187Beatz, Kendrick Lamar, and The Art of Curation

   

      It was a peaceful Saturday afternoon for me in Harbin, China, when Baltimore’s 187Beatz premiered his Exquisite Selections Vol.1 project in the United States on major platforms that weekend. I found myself grooving along to the effortlessly organic collaborations with some of the most talented musical artists to come out of Baltimore City. 187Beatz, with the depth and breadth of his immediate community, took the time to set up recording sessions, songwriting sessions, and many more meticulous, behind-the-scenes actions of coordination that make the process stand as strong as possible.





      It’s Summer 2019 by the time of this article’s debut, roughly 7-months after the premiere of that project and I still cannot get out of my head the grander implications of 187Beatz’s local triumph. In this Neo-DIY Renaissance for creatives, especially for developing mainstream Hip Hop spheres such as Baltimore City, the lines between artist and businessman have become more blurred than ever.

      Rap artists and Hip Hop Oriented artists in general want to be Jay-Z’s, 50 Cent’s, Diddy’s, Master P’s, or more Hip Hop business moguls while heavily neglecting and consequently diluting the quality of their own music. On the contrary, it’s been a damned shame to see local and mainstream artists (word to Teyana Taylor) create objectively great full-length projects only for the business aspects of pushing the project (sales, marketing, tours, live performances, accessibility, etc.) to be piss poor and virtually neutralize all potential for the project’s success. In the age of DIY and independent artistry, the balance between both worlds are paramount but difficult, which is why I am very much appreciative of 187Beatz bold work.

      187Beatz project will always solidify my grandeur appreciation of 2018 as being a year of CURATION. The simple concept of planning and execution that 187Beatz pulled off paralleled the strategies of Kendrick Lamar, Future, and Mike WiLL Made-It in their respective curated projects during the year of 2018.

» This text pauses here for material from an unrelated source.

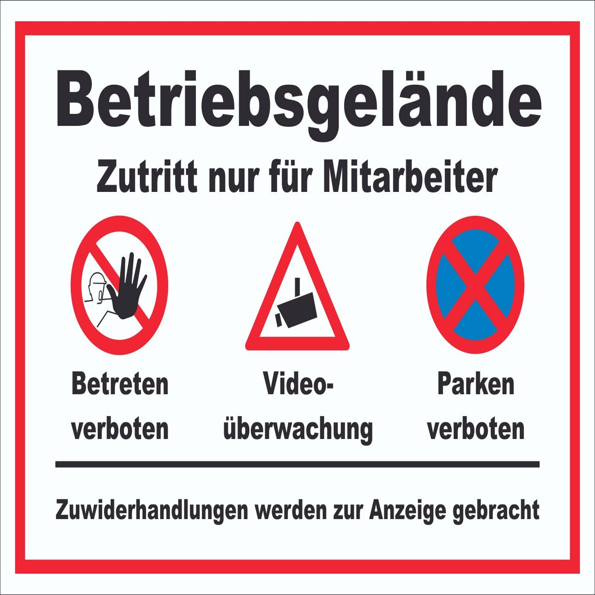 Schild Betriebsgelände Mitarbeiter Betreten Video Parken A0 Rückseite selbstklebend
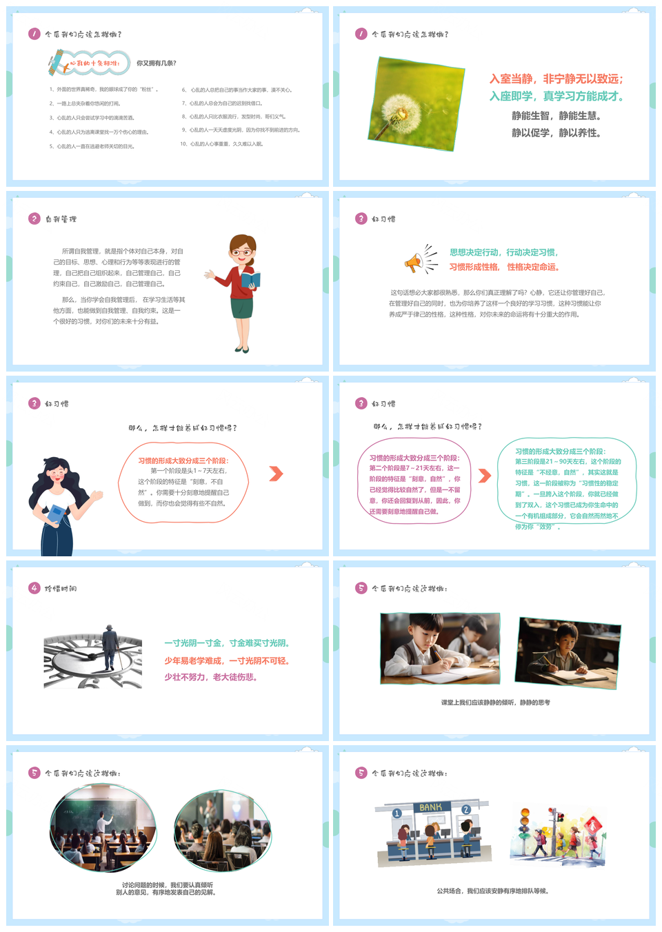 风云办公提供的彩色卡通儿童保持安静美德主题班会PPT模板,下载格式为pptx,一共30页,作品中文字及图均可以修改和编辑,图片更改请在作品中右键图片并更换,文字修改请直接点击文字进行修改。

      Everyone knows Kendrick Lamar as a megastar rapper, locking himself away for months from the world to export lyrical quality and a sound unlike anything his peers have out at the time whenever he drops. Kendrick Lamar comes out with a dynamic project roughly every 2-3 years that he infuses serious energy into. It is not that he hasn’t collaborated with others before, but the Black Panther album of 2018 forced Lamar to fully jump into the Executive Producer’s hat, charged with creating quality music (verses, hooks, songwriting, etc.) with multiple artists, even if Lamar himself wasn’t on the track.

      Regardless, the critically acclaimed soundtrack album was able to be one of the best musical projects of 2018 in general, allowing for Jorja Smith to flex her captivating vocals on “I AM,” SZA to enchant us with a majestically haunting call to the ancestors with “All the Stars”, ROB x SBE to exhibit their brazenly infectious Bay Area energy, and for Kendrick to give us club bangers/chart toppers with Travis Scott and The Weeknd with “Big Shot” and “Pray for Me”. As bold as the attempt was to take a musical leap of faith, Kendrick Lamar and his team were able to sagaciously mix the musical and business dimensions together to stick the landing.








      Say what you want about Future, but he has inevitably been one of the greatest influencers and songwriters in the past 10 years. Say what you also want to say about the Superfly (2018) movie, but the official soundtrack flexed Future’s curation prowess and the championed Atlanta sound which has been running the music industry for over a decade now. We were able to hear Young Thug in his slimiest element with two tracks, Miguel in his casanova brashness with “R.A.N”, and more that added to the modern Atlanta mystique sound.




      Mike WiLL Made-It would also notably drop the Creed II official soundtrack, a theatrical project standing in its own right apart from the actual film. Featuring Migos, Rae Sremmurd, Gunna, Bon Iver, Ari Lennox, J.Cole, Tessa Thompson and more industry heavy hitters, the carefully curated smash-hit of an album exemplified the extended power of the modern producer who also has to wear the curator hat by consequence.



   
      There are a plethora of other examples for better or for worse--some more obvious than others--including Metro Boomin’, Kanye West, DJ Khaled and many more. The elevated community producer must ask themselves: “How am I going beyond from bringing only beats to the artist into bringing out the best that they can truly be?"

      Not every producer and/or curator has the answer, but 187Beatz, Kendrick Lamar, Future and Mike WiLL Made-It unequivocally showcase the correct ways to do so.